South Africa’s department of trade, industry and competition has suggested a prohibition on foreign shipments of scrap metal be extended for six months. Steel sector body Seifsa disagrees with continuation of a policy primarily intended to tackle the theft of copper.

The department concedes the ban, first imposed in 2022, has had minimal effect on reducing the problem and the theft of copper and ferrous metal remain at very high levels, causing considerable damage to infrastructure and the economy. The stealing of copper cable has forced rail operator Transnet to suspend operations from time to time because of power outages.

“Based on the feedback and representations, including from those made by state-owned enterprises, consideration is being given to extending the temporary export prohibition … for a further period of six months,” the department said in a Government Gazette notice.

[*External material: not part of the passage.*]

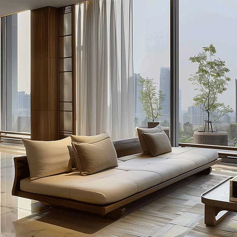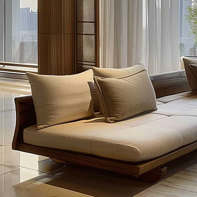 モダンミニマリストのブラックウォールナットソファ - 新しい中式の禅スタイル、実木製の高級真皮、別荘やホテル、民宿に最適な家具!快適さと洗練されたデザインを兼ね備えた一品です。

The Steel and Engineering Industries Federation of Southern Africa (Seifsa) opposes the proposal. “Seifsa’s position has always been that the scrap metal export ban is misguided in the issue that it is attempting to solve, namely infrastructure damage for scrap metal theft,” president Elias Monage was quoted as saying by the Business Day newspaper.

“It is an extremely blunt measure with unintended industrial policy consequences. More worryingly, it communicates a very poor economic signal by not taking into account a total steel perspective.”

Railway track, electricity pylons and streetlights are among the infrastructure items targeted by thieves.

Separately the government is considering imposing a requirement that registered buyers must purchase copper scrap or semi-finished copper products from registered sellers only, and introducing a reporting system whereby scrap dealers must submit monthly reports to the country’s International Trade Administration Commission showing all purchases and sales of metal products by volume and values.